I’m an intellectual. I don’t mean to imply that I’m particularly smart – you’ll soon see that’s not the case. I simply mean that I over-analyze everything and most things in my life remain cerebral, not emotional. Last summer, as I began to prepare to participate in a cultural exchange program by hosting two 13-year-old boys form Latvia, I never imagined that these adorable boys would eventually become a part of my family forever.
As we prepared for them to arrive, I read everything I could about Latvia and cultural exchange programs and made lists of tasks and lists of those lists. I bought all of the recommended items, including clothes, toys and even a Latvian phrase book.
The day they were to arrive we headed to the airport. I was excited and so proud of the lovely sign I had made that read “Welcome” in both Latvian and Russian – since we weren’t certain which language they spoke. I had even gotten pins made with the boys’ pictures on them so that we could easily be identified as their host family. Everything was perfect until I saw the group of kids come up the escalators and a panic rose from the very depths of my soul – I didn’t know how to speak Latvian! What was I going to do? How on Earth was I going to get them to come home with me? What about breakfast? What if they didn’t understand me? What was I thinking! Where’s my Mom when I need her? Surely someone else was going to have to take over here, I DON’T SPEAK LATVIAN!

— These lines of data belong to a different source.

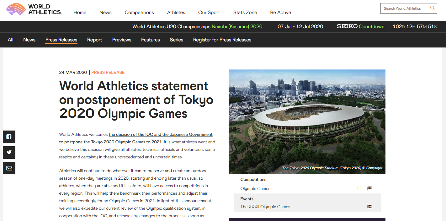 世界田联3月24日在官网发表声明,表示支持推迟东京奥运会,并已着手与2021年田径世锦赛组委会协商更改比赛日期为奥运会“让路”的方案,其中将世锦赛推迟到2022年是备选方案之一。世界田联表示,将尽快对目前的东京奥运会参赛标准和达标时限进行调整和发布,以帮助运动员更好地为2021年举行的奥运会做好准备。
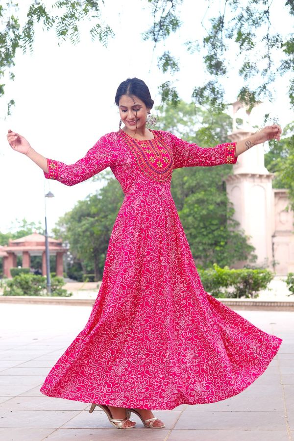 Balaji Emporium Presents Premium Rayon Flare Gown With Beautiful Block Print Long Gown Collection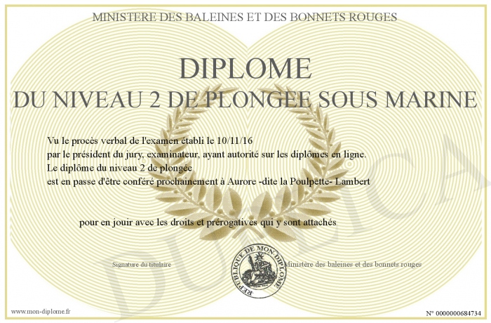 Envoyez par email votre Diplôme du niveau 2 de plongée sous marine personalisé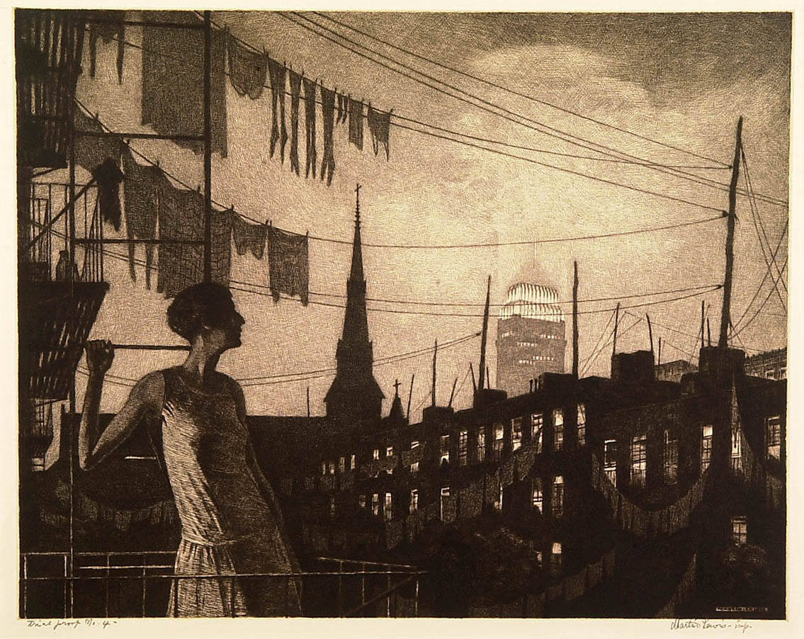 Gallery LabelPrints like this earned Martin Lewis the nickname “the psychologist of the megalopolis.” He examined urban scenes with a flawless realism and distance that are both omniscient and understanding. Once he found his subject, he made multiple sketches. He then gradually worked the surface of his plate with successive layers of lines, patterns and textures. Some of these were so intricate that he created them under a magnifying glass. Tiny lines, dots and flecks compose Glow of the City. In rendering the damp garments strung out to dry, the lighted windows and the glowing Chanin Building in the distance, Lewis showcases his technical abilities while probing New York’s psyche.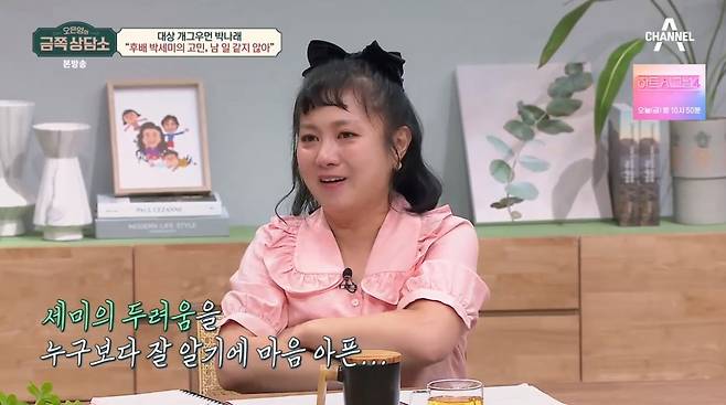 그러면서 박나래는 박세미에게 "쉬는 날 저한테 꼭 연락했으면 좋겠다"며 울컥해 눈물을 흘렸다. (사진=채널A '오은영의 금쪽상담소' 캡처)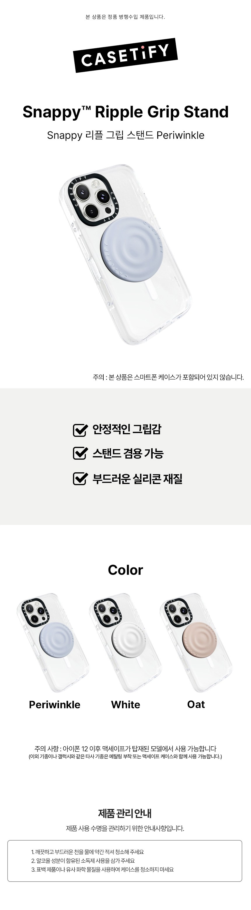 | 품명 및 모델명 | Casetify Snappy Ripple Grip Stand Periwinkle | 인증/허가 사항 | 해당없음(14세 이상) |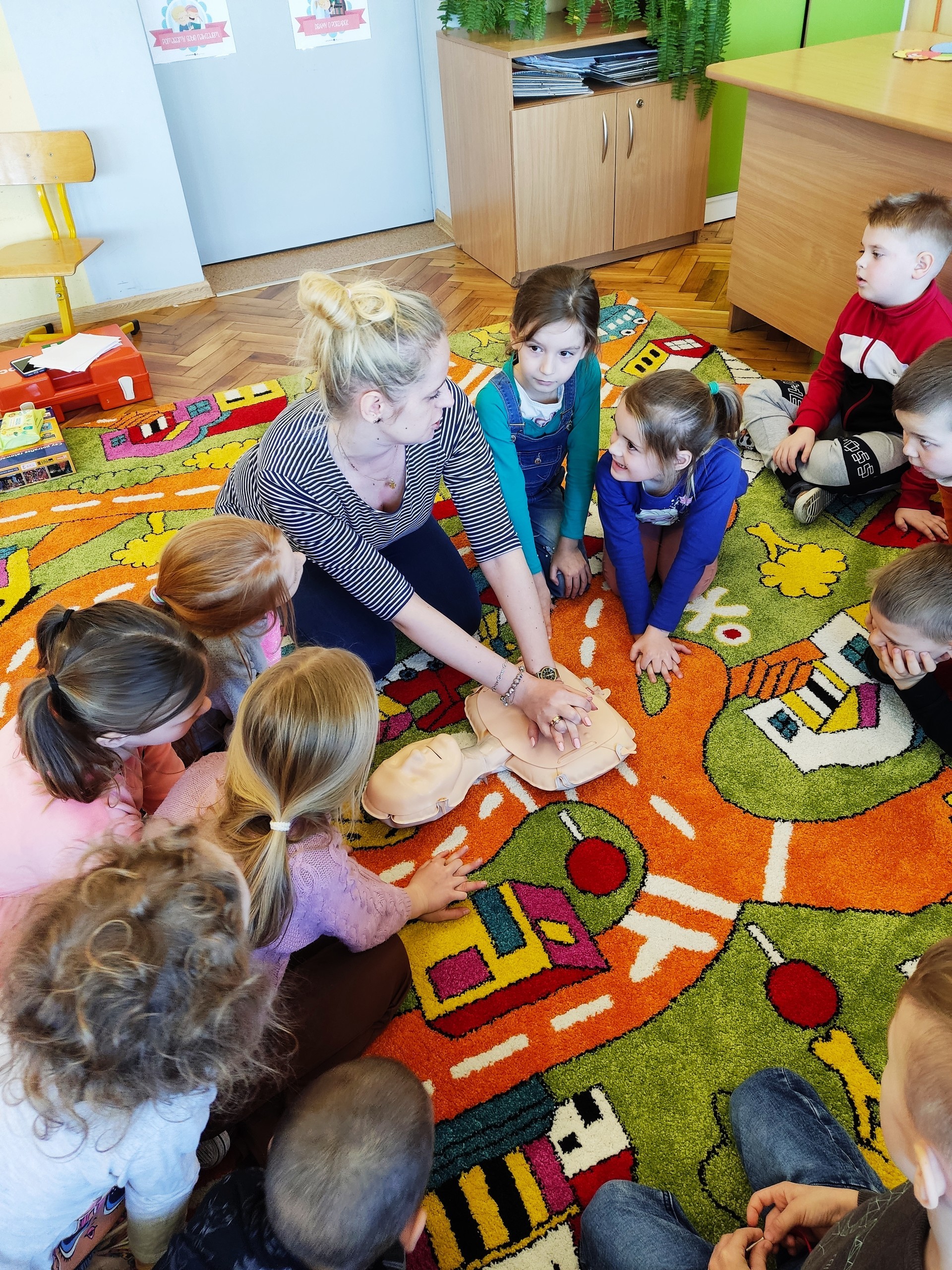 Po omówieniu zasad udzielania pierwszej pomocy uczniowie bardzo chętnie i aktywnie brali udział w ćwiczeniach praktycznych na fantomie wykonując podstawowe czynności ratownicze pod fachowym okiem ratownika. Dzięki takiej lekcji pierwszoklasiści zdobyli ważne umiejętności, które w przyszłości być może przyczynią się do uratowania życia.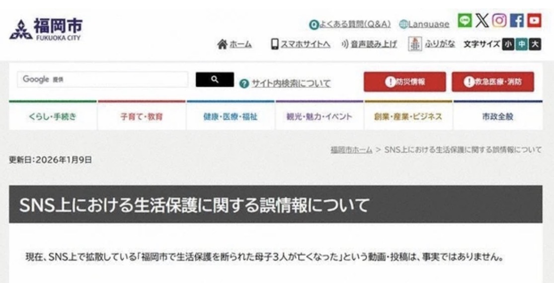 福岡市は個人情報保護の観点から生活保護の申請や受給は公表していない。市職員が8日にSNS上の誤情報を確認し、9日に事実ではないとHPで説明した。

There was no time to run. The program director shoved two very tired-looking boys into my arms and proceeded to the next family. And there we were – those two very frightened boys and my very frightened self. I looked at my husband, half-expecting him to suddenly have the gift of speaking Latvian. I pulled out my nearly useless Russian picture dictionary and tried to figure out how to ask the boys if they had luggage. After handing each of them a plastic grocery bag and pantomiming vomiting into it (we had been warned that motion sickness was common), I helped the boys climb into the back seat of our car and the four of us silently drove the long road back to Woodstock.
Still in a stunned stupor, we managed to get the boys into their bedroom and pointed out the bathroom. Frankly I don’t remember whether I slept at all or not. But I do remember the next day the boys woke up and smiled. And that was it. I was in love. It didn’t matter if they spoke Martian, I could communicate with them just fine. What little uneasiness that was left after the morning smiles completely dissipated when we took them to a buffet for lunch and told them they could eat whatever they wanted, including a whole plate of desserts.
It turns out that they spoke Russian and Latvian and even some English. The five weeks flew and by the end, they were able to communicate fluently in the language of broken English, smiles, gestures and sound effects. Now, I’m not going to claim that there has never been a misunderstanding, or that everything has been effortless, but the truth is, I can’t remember a time when language has been a real problem.